Druid is a modern data store built for analytics use-cases. As the volume of data has exploded, and companies have sought deeper insights from their data, ad-hoc analytics have become difficult as more data is buried in distributed systems like Hadoop & Spark. The query model for these systems can result in long latencies making them sub-optimal for interactive analytics applications.

Meet Fangjin Yang of Imply



Co-Founder & CEO, Fangjin Yang has contributed extensively as an author of Druid, which takes a columnar approach designed from the ground up to solve problems like the ones discussed here, which Yang will discuss in greater detail at DataEngConf Sf 1'7. 



Where does the story of Druid start?

Druid was developed by Fangjin and several co-collaborators at Metamarkets in 2011 out of the need to supply clients with real-time analytics for their programatic advertising campaigns. Due to the increasing speeds introduced by programatic ad-buying, existing tools and architectures for building analytics systems were unable to meet the millisecond response times demanded by the market. Fangjin and team began work on Druid to solve the latency and architectural issues they discovered in existing serving layers common for analytical applications.
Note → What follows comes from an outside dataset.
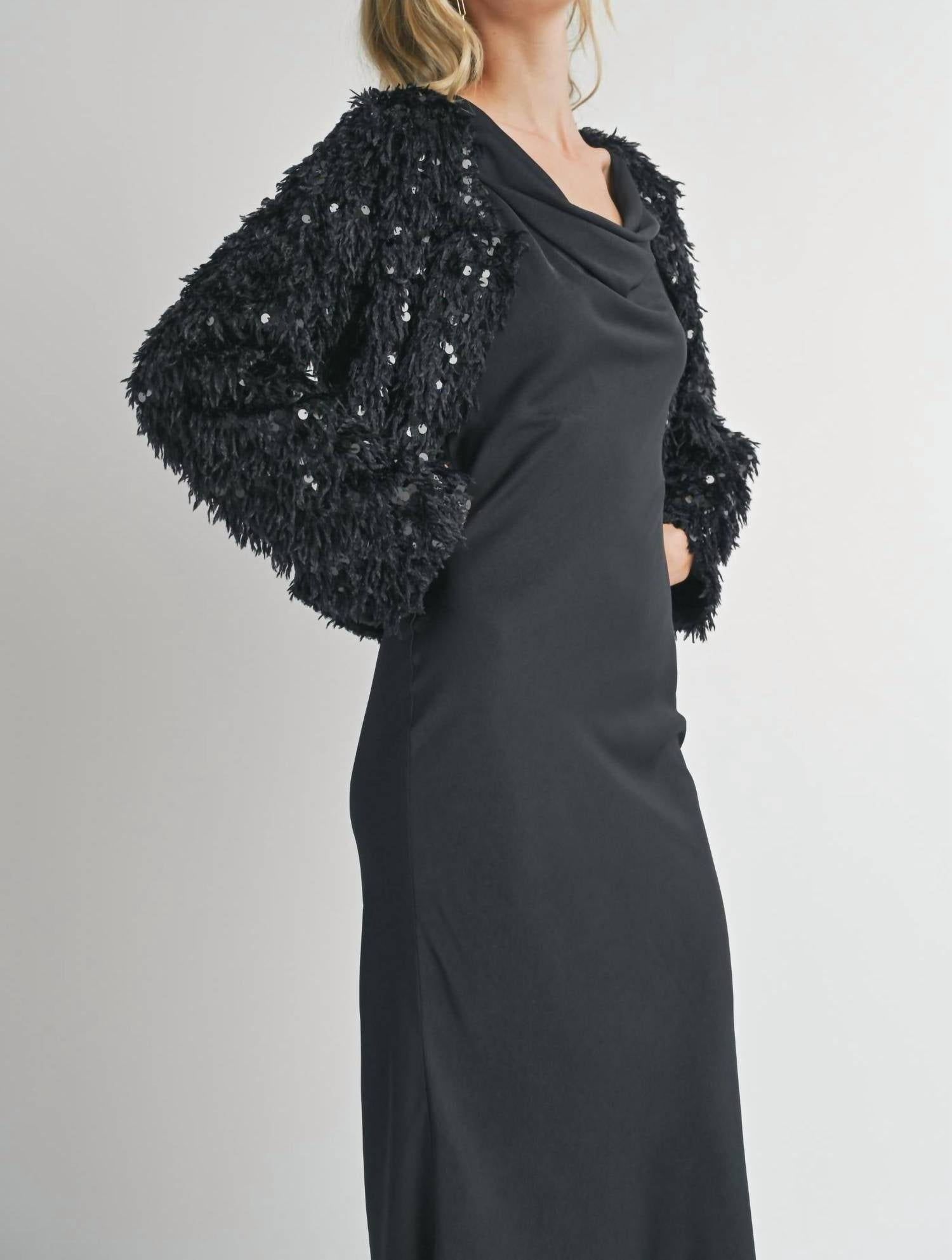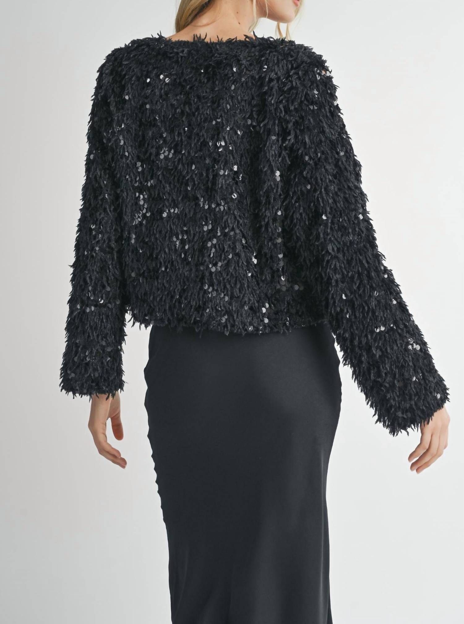 A casual yet cool jacket that every closset needs. Introducing the Faux Fur and Sequin Jacket by Sadie & Sage, a stylish choice for a dinner party or New Year's Eve celebration. This women's jacket in textured black features long sleeves and a V-neckline, crafted from 100% polyester for a luxurious feel. Designed without pockets, it embodies the trend of quiet luxury, making it perfect for fall occasions.

From OS project to funded startup

While Metamarkets developed and ran Druid in production for years, open-sourcing it along the way, in 2015 Fangjin decided the software had proven itself in the real world with enough users and launched a new company, Imply, to offer a Druid-backed platform for other companies to more quickly build their own analytics based applications. Backed by Khosla Ventures, Imply blends Druid on the backend with visualization tools on the front-end to form its complete offering.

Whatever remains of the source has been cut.